● Work item:
Beginning at the line containing "今日の作戦は、河口からの距離標識が1km毎に立っているので、それと比較して", repeat each line below exactly up to and including the line containing "A statement piece". Do not repeat the pictures.

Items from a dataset
BEGIN

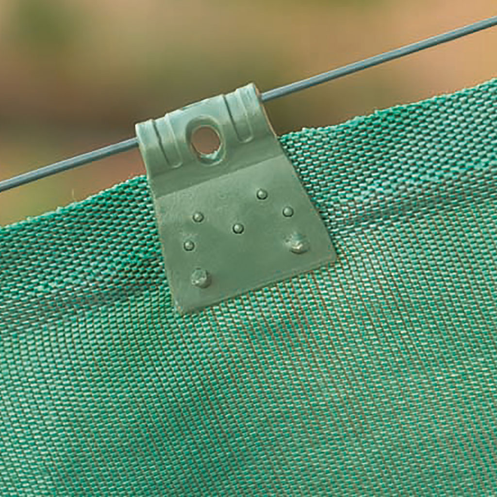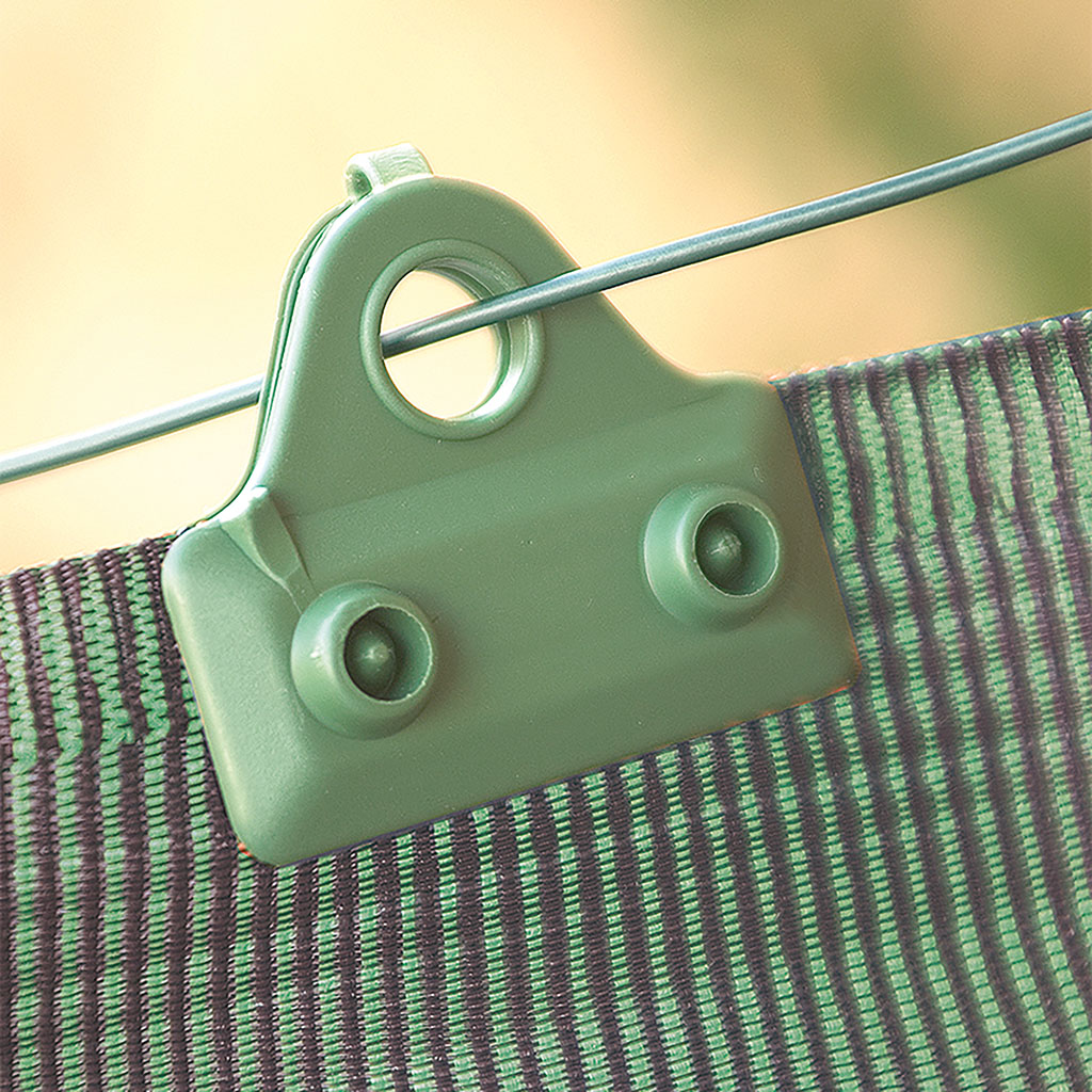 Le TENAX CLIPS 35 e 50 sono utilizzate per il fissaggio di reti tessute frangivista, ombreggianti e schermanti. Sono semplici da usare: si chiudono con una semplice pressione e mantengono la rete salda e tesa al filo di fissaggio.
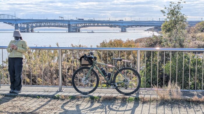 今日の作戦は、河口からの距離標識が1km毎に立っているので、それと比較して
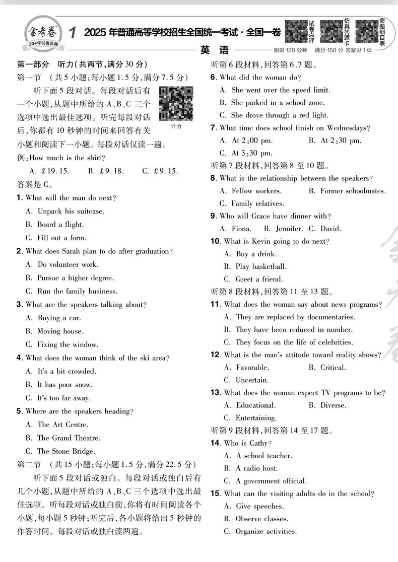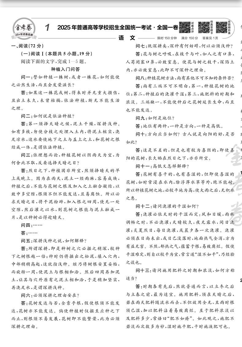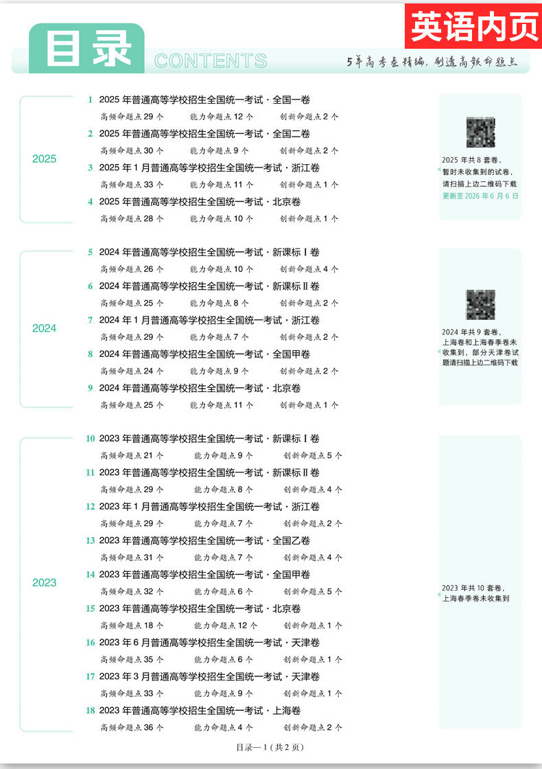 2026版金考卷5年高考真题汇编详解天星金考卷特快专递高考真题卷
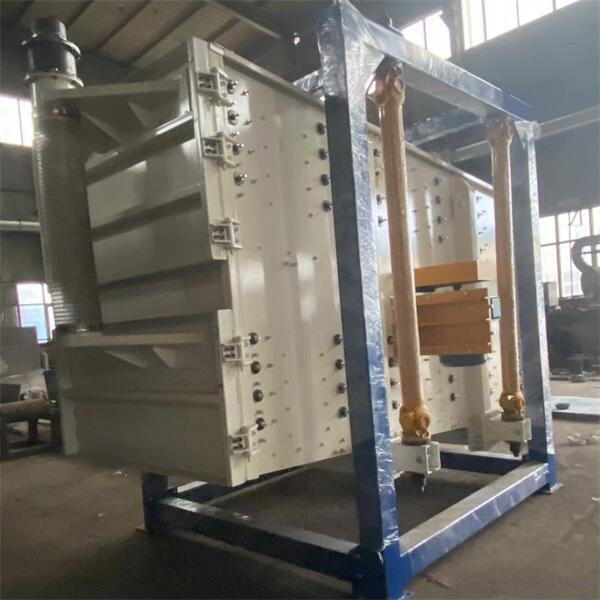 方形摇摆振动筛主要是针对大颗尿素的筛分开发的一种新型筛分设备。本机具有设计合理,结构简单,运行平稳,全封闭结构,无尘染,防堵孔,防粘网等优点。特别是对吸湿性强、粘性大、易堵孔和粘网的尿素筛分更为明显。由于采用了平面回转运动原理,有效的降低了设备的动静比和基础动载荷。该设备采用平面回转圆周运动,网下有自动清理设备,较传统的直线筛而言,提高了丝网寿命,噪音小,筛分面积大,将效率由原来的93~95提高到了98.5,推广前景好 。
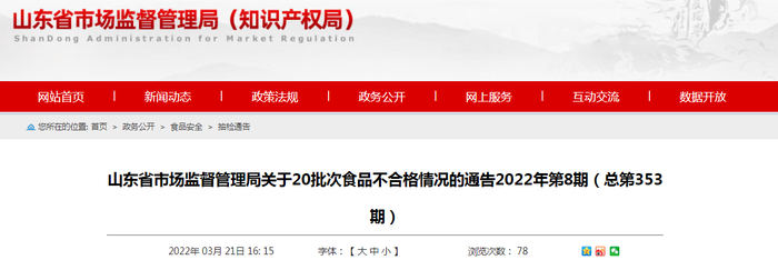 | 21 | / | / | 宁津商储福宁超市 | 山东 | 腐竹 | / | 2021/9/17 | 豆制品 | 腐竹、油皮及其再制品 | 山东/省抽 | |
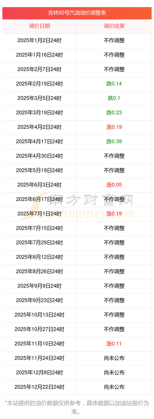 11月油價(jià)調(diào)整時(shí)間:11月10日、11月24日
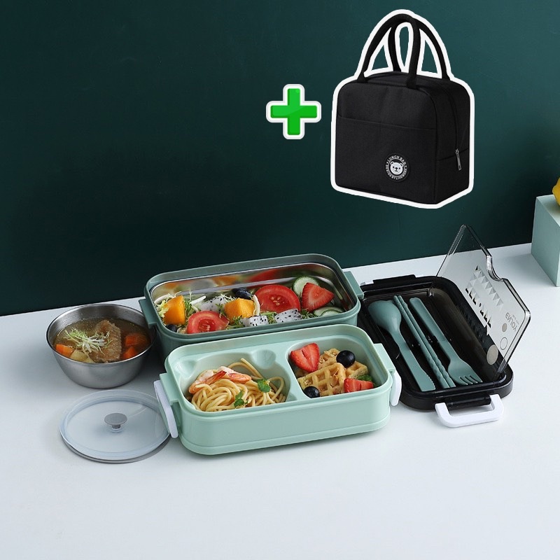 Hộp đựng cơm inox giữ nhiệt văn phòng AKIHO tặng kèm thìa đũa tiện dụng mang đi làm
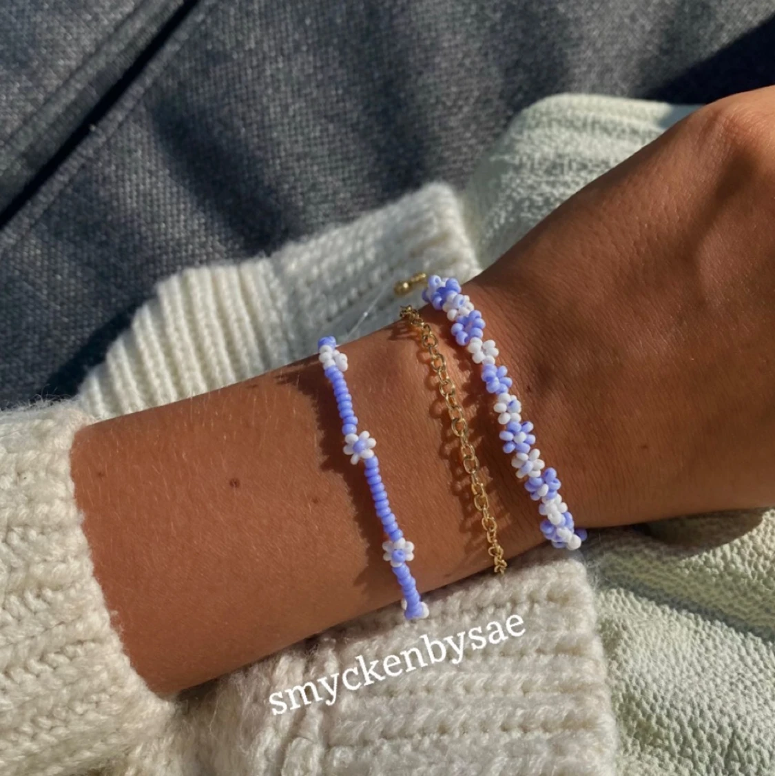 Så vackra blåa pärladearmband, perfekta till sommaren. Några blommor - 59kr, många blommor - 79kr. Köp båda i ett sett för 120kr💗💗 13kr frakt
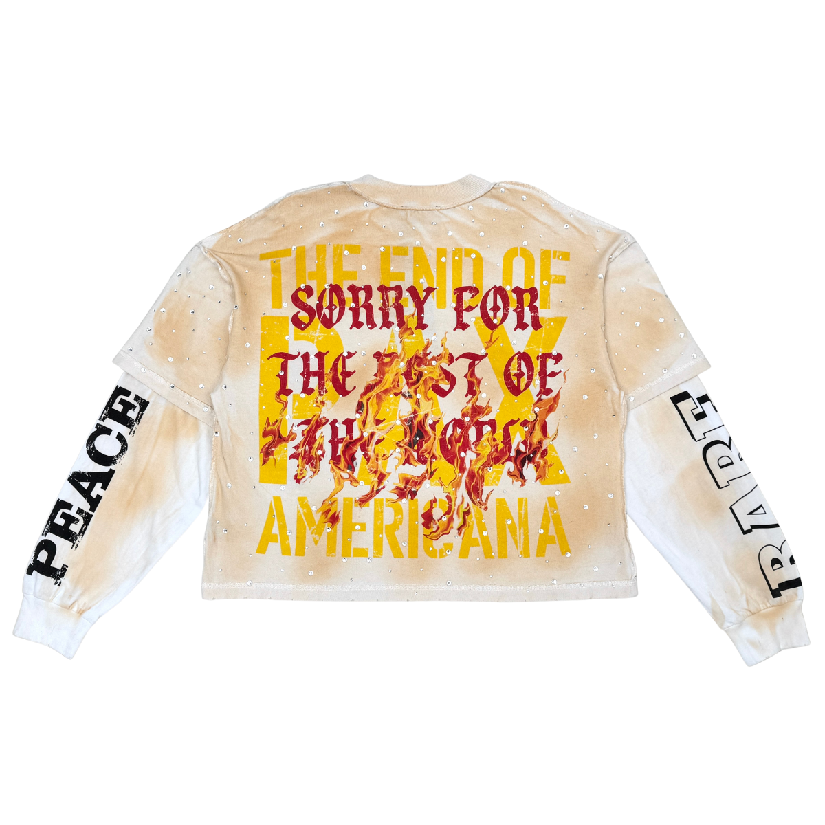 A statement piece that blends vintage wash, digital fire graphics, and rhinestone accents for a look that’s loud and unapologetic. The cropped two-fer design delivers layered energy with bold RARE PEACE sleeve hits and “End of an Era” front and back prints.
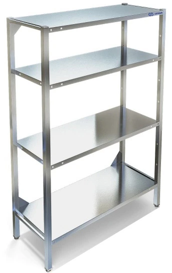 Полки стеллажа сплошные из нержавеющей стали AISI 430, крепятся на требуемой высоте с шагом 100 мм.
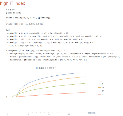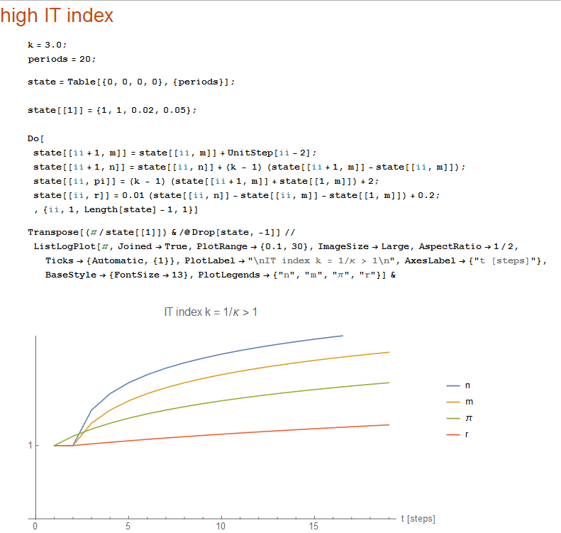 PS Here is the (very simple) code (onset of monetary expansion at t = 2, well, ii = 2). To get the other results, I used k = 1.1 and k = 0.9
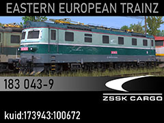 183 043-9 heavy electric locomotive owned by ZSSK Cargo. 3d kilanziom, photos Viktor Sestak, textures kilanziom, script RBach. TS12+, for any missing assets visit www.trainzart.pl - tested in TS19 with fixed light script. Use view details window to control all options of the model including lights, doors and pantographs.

END

● Answer to this task:
 今日の作戦は、河口からの距離標識が1km毎に立っているので、それと比較して
 2026版金考卷5年高考真题汇编详解天星金考卷特快专递高考真题卷
 方形摇摆振动筛主要是针对大颗尿素的筛分开发的一种新型筛分设备。本机具有设计合理,结构简单,运行平稳,全封闭结构,无尘染,防堵孔,防粘网等优点。特别是对吸湿性强、粘性大、易堵孔和粘网的尿素筛分更为明显。由于采用了平面回转运动原理,有效的降低了设备的动静比和基础动载荷。该设备采用平面回转圆周运动,网下有自动清理设备,较传统的直线筛而言,提高了丝网寿命,噪音小,筛分面积大,将效率由原来的93~95提高到了98.5,推广前景好 。
 | 21 | / | / | 宁津商储福宁超市 | 山东 | 腐竹 | / | 2021/9/17 | 豆制品 | 腐竹、油皮及其再制品 | 山东/省抽 | |
 11月油價(jià)調(diào)整時(shí)間:11月10日、11月24日
 Hộp đựng cơm inox giữ nhiệt văn phòng AKIHO tặng kèm thìa đũa tiện dụng mang đi làm
 Så vackra blåa pärladearmband, perfekta till sommaren. Några blommor - 59kr, många blommor - 79kr. Köp båda i ett sett för 120kr💗💗 13kr frakt
 A statement piece that blends vintage wash, digital fire graphics, and rhinestone accents for a look that’s loud and unapologetic. The cropped two-fer design delivers layered energy with bold RARE PEACE sleeve hits and “End of an Era” front and back prints.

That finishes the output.